Output files

***.pdf

  • This file contains all the figures plotted by the Profile function.

***.R file

  • This file contains all the R commands for plotting figures in the .pdf file.

***_genomicSiteCategory.xls

  • This file contains the data that is used to plot each figure in the .pdf file. There should be one such file for each category of genomic sites, e.g., ***_TSS.xls for transcription start site (TSS), or ***_gene.xls for gene body.

  • Each file would start with the column "pos", which each row in this column indicate the position (distance) relative to a category of genomic site, e.g., .

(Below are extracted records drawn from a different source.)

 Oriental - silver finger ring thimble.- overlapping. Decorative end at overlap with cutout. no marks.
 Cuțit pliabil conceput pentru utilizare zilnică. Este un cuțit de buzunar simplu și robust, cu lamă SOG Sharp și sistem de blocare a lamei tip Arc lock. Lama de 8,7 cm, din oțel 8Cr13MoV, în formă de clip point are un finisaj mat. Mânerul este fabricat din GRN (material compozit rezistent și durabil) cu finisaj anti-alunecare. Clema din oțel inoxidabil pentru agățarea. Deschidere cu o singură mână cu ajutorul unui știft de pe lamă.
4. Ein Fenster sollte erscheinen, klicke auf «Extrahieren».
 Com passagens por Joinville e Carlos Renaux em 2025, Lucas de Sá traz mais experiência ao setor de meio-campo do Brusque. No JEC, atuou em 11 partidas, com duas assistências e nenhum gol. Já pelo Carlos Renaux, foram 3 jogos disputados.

  • There will be one or more additional columns each representing the average occupancy of one wiggle data around one group of genomic sites. The specific wiggle data , genomic site groups, and genomic site category will be indicated by the column name. E.g., for a column with name "wild_type.wig.up_regulated.xls.tss", the wiggle file wild_type.wig, gene file up_regulated.xls, and genomic site category TSS (transcription start site) are used to calculated the data in this column.

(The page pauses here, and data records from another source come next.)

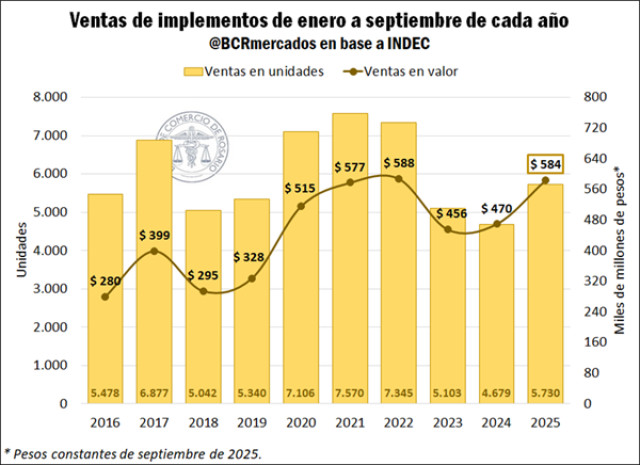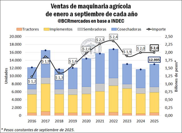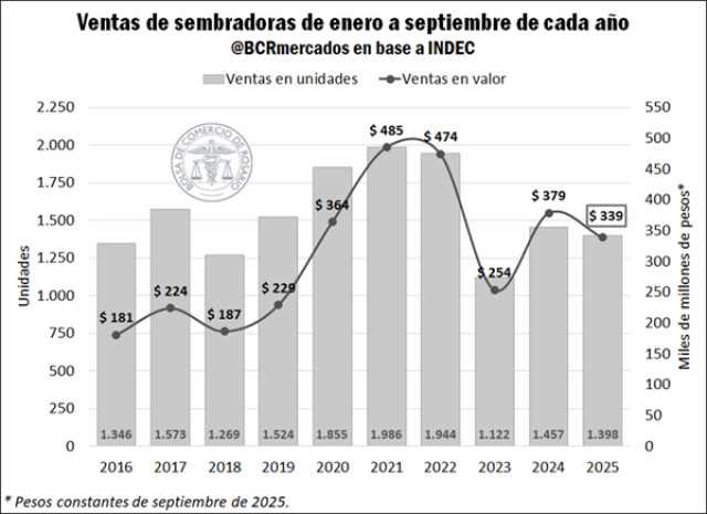 Por su parte, la cantidad vendida de sembradoras totalizó 1.398 unidades, marcando un retroceso interanual del 4% y posicionándose 16% por detrás del promedio del último quinquenio. Los precios de estas maquinarias se abarataron en términos reales en el último año, de manera que el valor de las ventas, que totalizó $ 339.100 millones entre enero y septiembre, registró una caída incluso más pronunciada: se posicionó 10% por debajo de 2024, y 13% por detrás del promedio.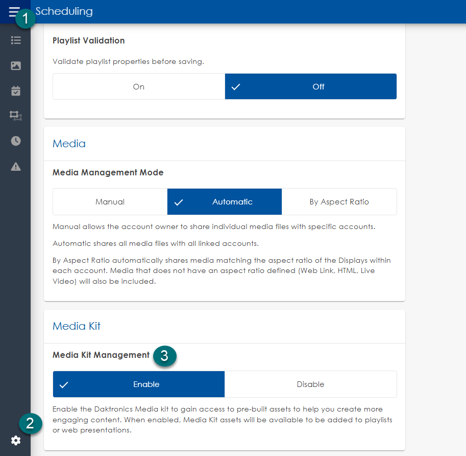 There are 2 locations to enable the Daktronics Media Kit.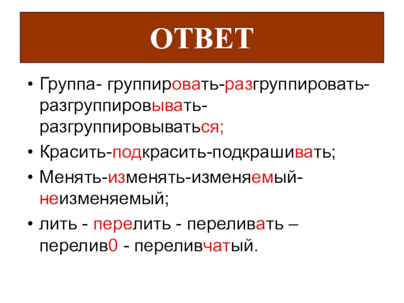 Слайд 38Группа- группировать-разгруппировать- разгруппировывать-разгруппировываться;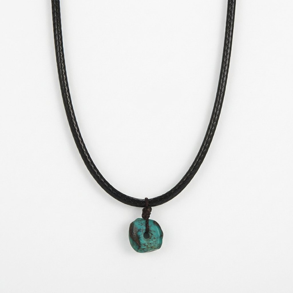 Ancient Wisdom: Natural Raw Turquoise & 925 Sterling Silver Pendant Necklace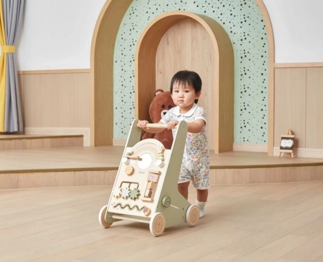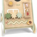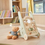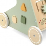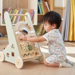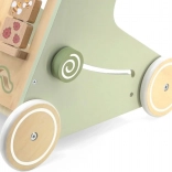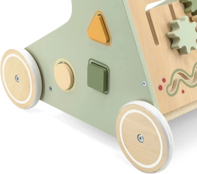 Il girello spingibile in legno PolarB Viga è progettato per accompagnare in sicurezza i bambini nei loro primi passi e motivarli a esplorare. Il pannello frontale offre numerose attività: dagli ingranaggi rotanti ai labirinti scorrevoli, fino all’inserimento di forme e allo specchietto, che stimolano naturalmente i sensi e il pensiero logico.
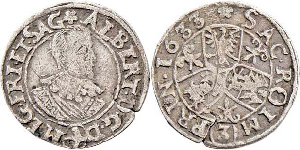 3 Krejcar 1633, Jičín-Steinmüller, Ne.95, Meyer.328, Don.4016, 1.528g, napr.okraj, vl.škr., pěkná patina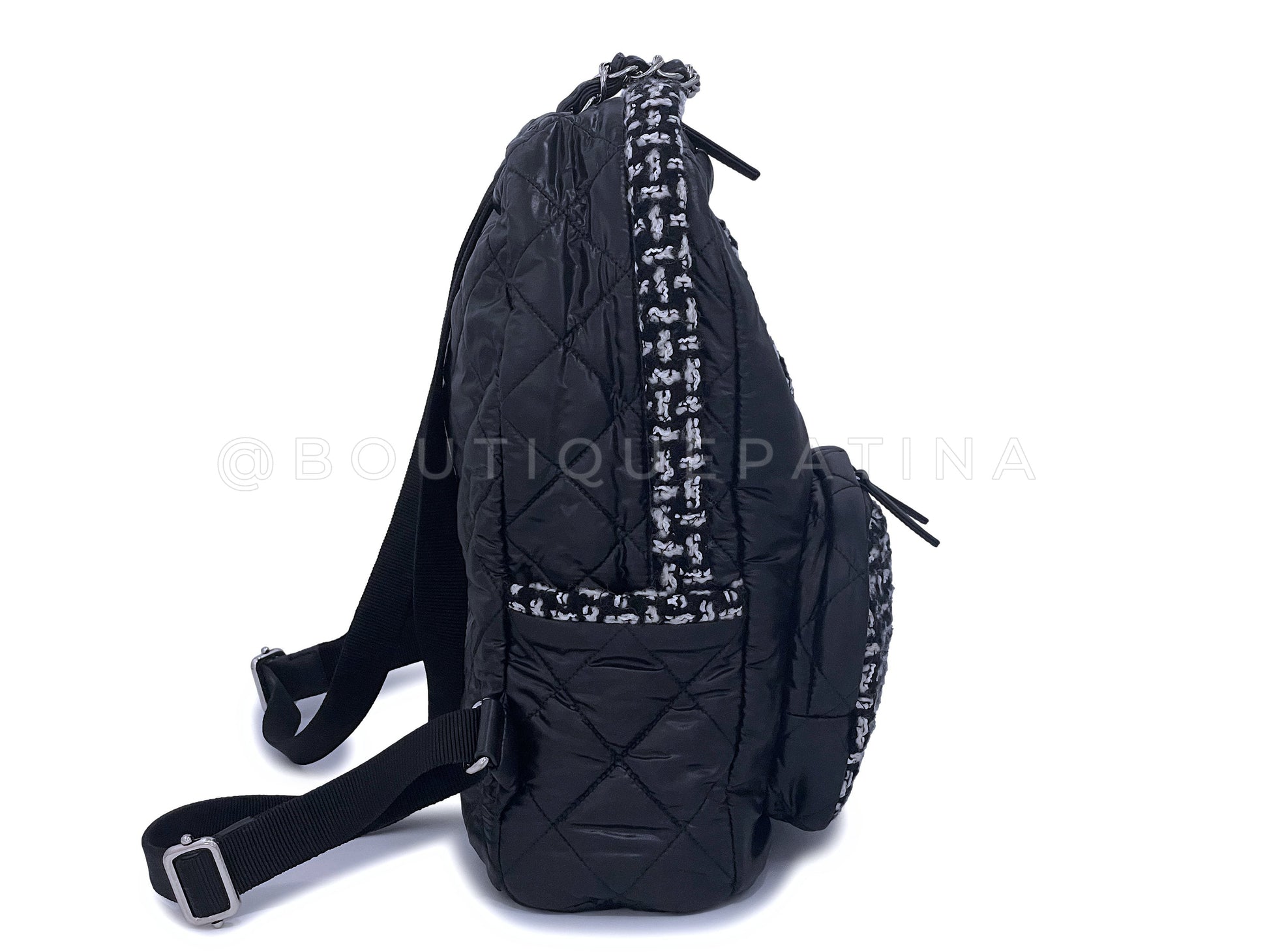 Chanel Black Tweed Coco Neige Logo Backpack Bag

***_genomicSiteCategory_heatmap/

    • This is a directory containing data for plotting heat map, e.g., by subjecting the data to the tool MEV. There should be one such directory for each category of genomic sites. Actually, each directory contains the data that is used to calculate the data in the file ***_genomicSiteCategory.xls. e.g., ***_TSS_heatmap/ contains the data that is used to calculate the data in the file ***_TSS.xls.

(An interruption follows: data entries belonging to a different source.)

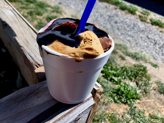 For example, after buying the required (and fairly useless) map, I decided to CARBO LOAD 🙄 with a half kilo of gourmet ice-cream. In that short visit I managed to lose my new map. Did it blow away? … And had to go back to the store to buy a replacement. ☹️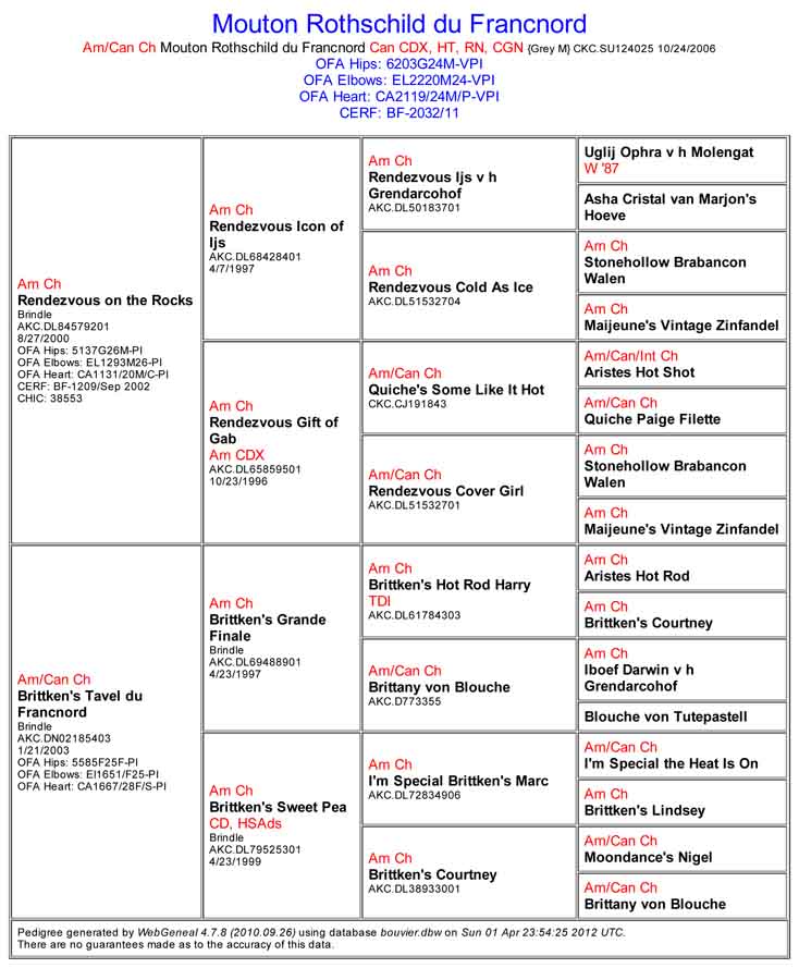 Nom : OTCH. & GCH. Mouton Rothschild du Francnord, HT, CGN, RE, Américain. Ch. RA, CDX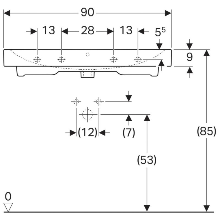 Раковина подвесная Geberit (Keramag) iCon 90 124093000 с переливом, без отверстия под смеситель, белая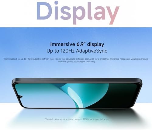 [Immersive 6.9″ display] With support for up to 120Hz adaptive refresh rate, Redmi 15C adjusts to different scenarios for a smoother and more responsive visual experience—whether you’re browsing or watching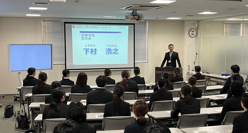 2025年10月23日(木)、茨城キリスト教大学の学生31名と引率職員2名の皆さまが、キャリア支援センター主催「業界研究バスツアー」の一環として、茨城支社へ来社されました。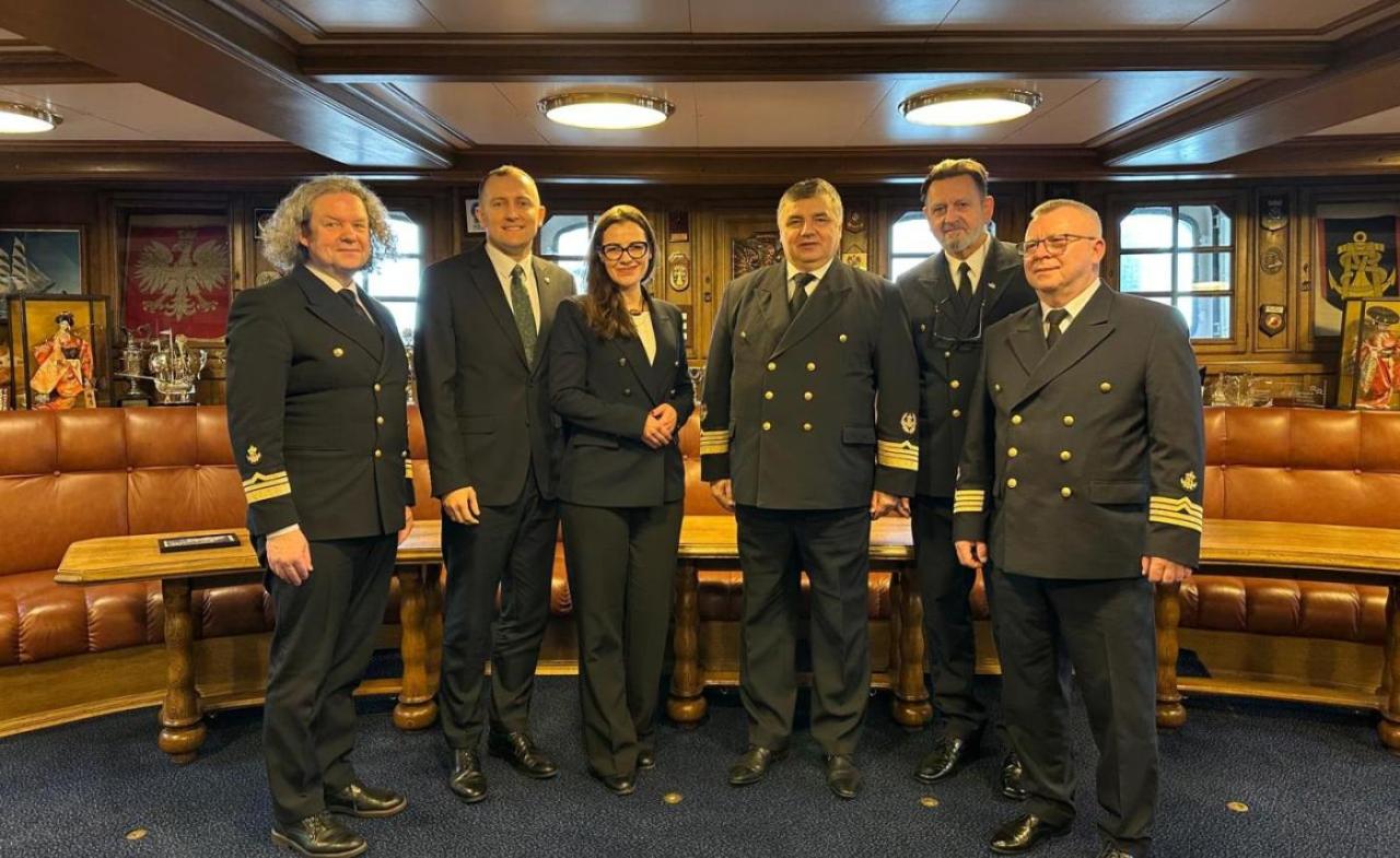 On 16 January 2025, HM The Rector of GMU, Professor Adam Weintrit, welcomed Polish Members of the Polish Parliament Wioleta Tomczak and Piotr Strach on board the University’s tall ship Dar Młodzieży. The topic of the meeting, which was attended by the Director of the Maritime Operations Department, Dariusz Jellonnek and the Captain of the Dar Młodzieży, Rafał Szymański was current issues related to the education of merchant fleet personnel, including student training at sea on board the sail training ship. Also discussed were plans for the development of a successor to the Dar Młodzieży.

    • Each such directory would contain 1 or more .xls files. Each such file contain the data used to calculate data in a column of the file ***_genomicSiteCategory.xls. E.g., in the directory ***_TSS_heatmap/, there may be a file up_regulated.xls.tss.wild_type.wig.heatmap.xls that contains the data used to calculate the column "wild_type.wig.up_regulated.xls.tss" in the file ***_TSS.xls

    • Each file in the directory, e.g., the file up_regulated.xls.tss.wild_type.wig.heatmap.xls, starts with the following columns:

    • (1) name the name of a genomic site, e.g., the gene name of a TSS (transcription start site)

    • (2) max the maximal occupancy in a given region, e.g., trom 1.5kb upstream to 1.5kb down stream of a TSS

    • (3) min the minimal occupancy in a given region, e.g., trom 1.5kb upstream to 1.5kb down stream of a TSS

    • (4) sum the sum of occupancy values in a given region, e.g., trom 1.5kb upstream to 1.5kb down stream of a TSS

    • (5) There would be multiple additional columns each with a name represents a data point in a given region, e.g., "-100" and "100" may represent the 100th data point upstream and downstream of TSS. When calculating for gene body, "-100", "100" and "+100" may represent the 100th data point upstream of TSS, downstream of TSS, and downstream of TTS (Transcription terminal site). NOTE: each data point represent a bin, e.g., when --bin_size is set to be 10, then each data point represent 10bp.